It is wrong and it needs to change.
Reporter,
author, columnist and television commentator Diane Dimond uncovered all
this and more in her five-part investigative series on guardianship in
New Mexico [Who Guards the Guardians?] published by the Albuquerque Journal (the entire series can
be found at ABQJournal.com).
Dimond, an Albuquerque native,
recounts the story of an estate valued at $5 million drained to
$750,000; a 17-acre North Valley ranch sold at what would appear to be
far below market value to someone who turned around and sold it to the
state for twice the price; children shut out from caring for their
mother by court-appointed for-profit professionals; familiar medical
professionals replaced with strangers – and all without the judge who
signed off on the arrangement ever interviewing 79-year-old Blair
Darnell or holding a hearing to determine whether she was, in fact, “an
adult incapacitated person.”
That label automatically revoked
Blair’s civil rights – she could no longer travel alone, vote, enter
contracts, decide who her doctors were, say who could visit her home or
spend her own money. Instead, her court-appointed guardian and
conservator called all the shots – including declaring that, if the
family couldn’t get Blair’s beloved dog out to “relive(sic) herself, she
must go.”
Unfortunately, problems in guardianship cases are not rare.

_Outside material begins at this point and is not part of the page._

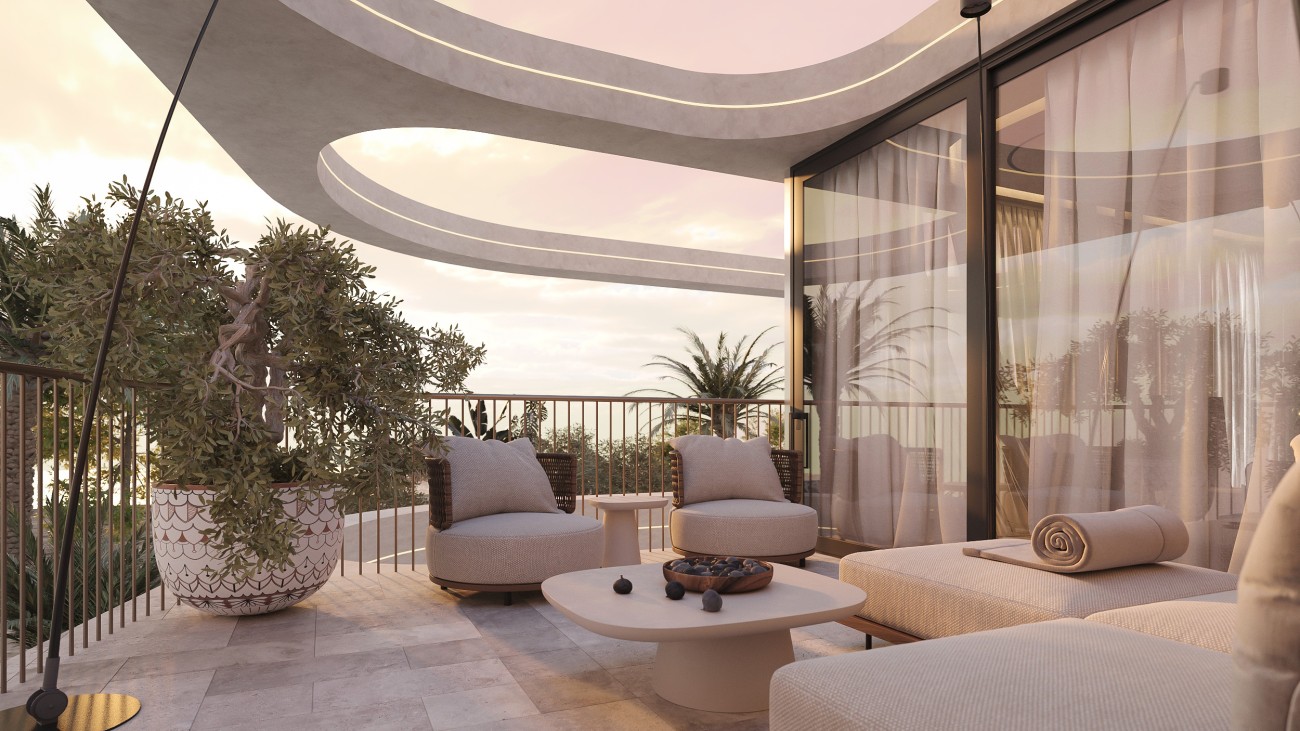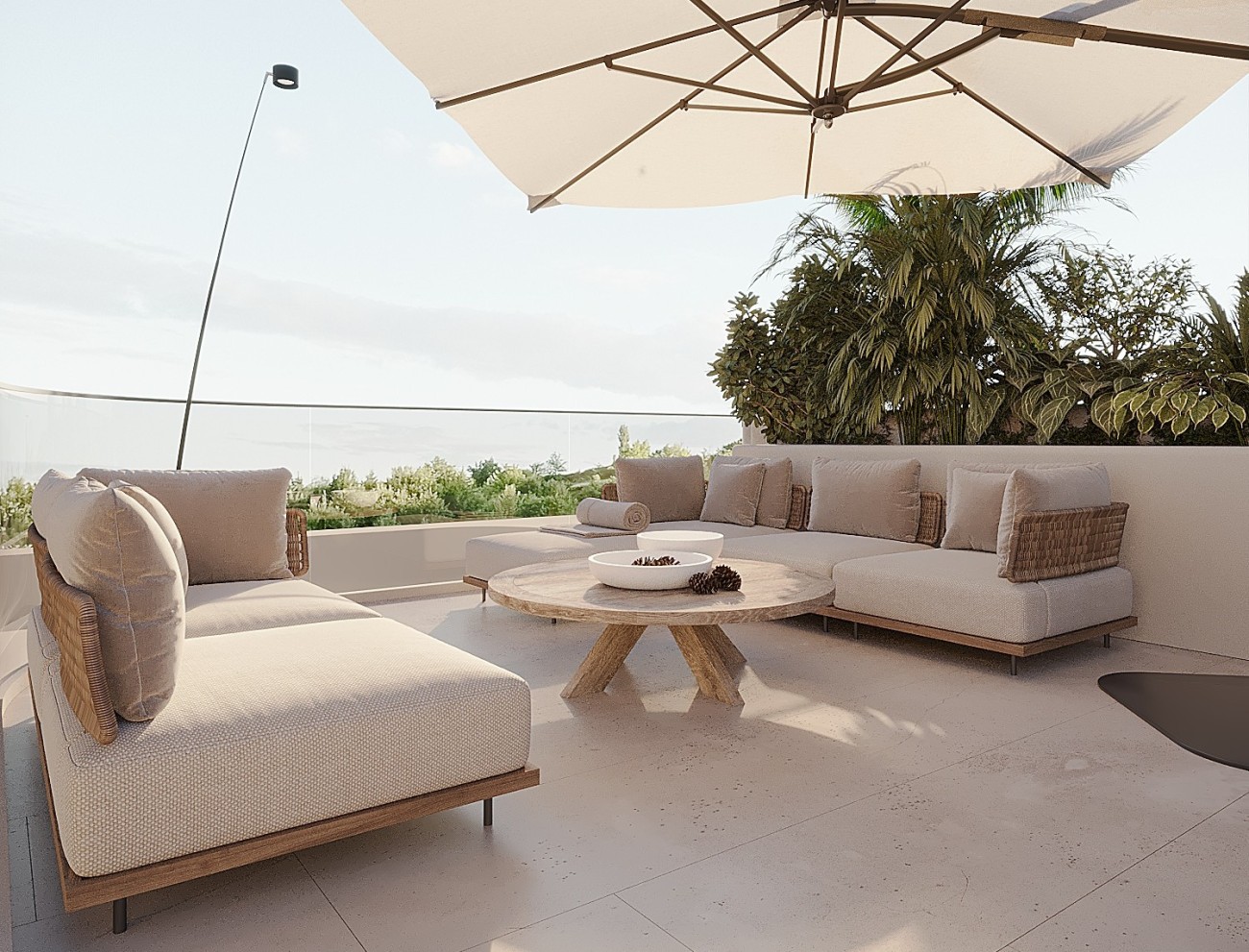 Naast het terras dat grenst aan de woonverdieping, hebben de penthouses royale privédakterrassen met weidse uitzichten over de Middellandse Zee en het omringende berglandschap. Een opvallend kenmerk van de penthouses is de privélift die de ondergrondse garage rechtstreeks met het appartement verbindt en beide verdiepingen met elkaar verbindt. De gelijkvloerse tuinwoningen profiteren van een privétrap vanuit de garage.

Former Chief Judge Ted Baca ordered a review during his tenure that
found problems in a quarter to a third of cases checked by lawyers on a
volunteer basis – including wards who had been abandoned by guardians
or were living in dilapidated surroundings without enough nourishment.
More
than one attorney told Dimond they advise families to steer clear of
the system because there are no checks and balances, and excessive
secrecy.
When the best thing you can say about a system is to
avoid it, there’s a problem. And the attorneys and family members who
spoke to Dimond did so in fear of reprisals and in violation of what
retired District Judge Anne Kass of Albuquerque calls an inbred “code of
silence.”
There’s the daughter of a deceased ward who asked for
clarification of her mother’s $5,000 funeral expense because the $1,000
cremation fee was prepaid and services were held at her mother’s home.
There’s
the daughter of a deceased ward who was forbidden to see her father
during the final months of his life because she challenged the
conservator’s proposed distribution of funds without an independent
forensic audit.
There are the daughters of a ward who learned
that, after 25 months in charge, the conservator had not paid taxes on
their mother’s property in Texas and foreclosure was imminent.
Imagine
being told out of the blue that you can’t see your elderly and frail
mom or dad. Imagine being elderly and frail, and being told you can’t
see your children. All because the guardian thinks there is too much
“bickering.”
Imagine carefully planned financial decisions and
legal instruments being thrown out so court-appointed for-profit folks
can be paid to make all the decisions.
Professionals in the system are unapologetic. They say their
responsibility is to the wards, not their families. They have been
accused of being threatening and intimidating, and have been known to
tell people to never again contact them.
And the majority of those
entrenched professionals who live off New Mexico’s guardianship system
– lawyers, guardians, conservators, providers who range from dog
walkers to in-home caretakers – maintain the system is working just
fine, thank you very much, in protecting the interests of the
“incapacitated.”
Judges are on that same bandwagon.
In an
op-ed in today’s Journal, 2nd Judicial District Court Chief Judge Nan
Nash, and elder and disability attorneys Amanda Frazier and Judith
Paquin defend the system and the secrecy. It is simply more of what
Ortiz y Pino found in 2013 when he sponsored a measure to establish a
task force to look into complaints: “What we ran into, frankly, was that
anytime we got into guardianship issues, the attorneys who deal with
probate in the state went ballistic – they did not want us to even
open the door.”
Baca came up against the same resistance. For
several years, the court tried to get the Legislature to fund a larger
study with the goal a statewide office to oversee all guardian cases.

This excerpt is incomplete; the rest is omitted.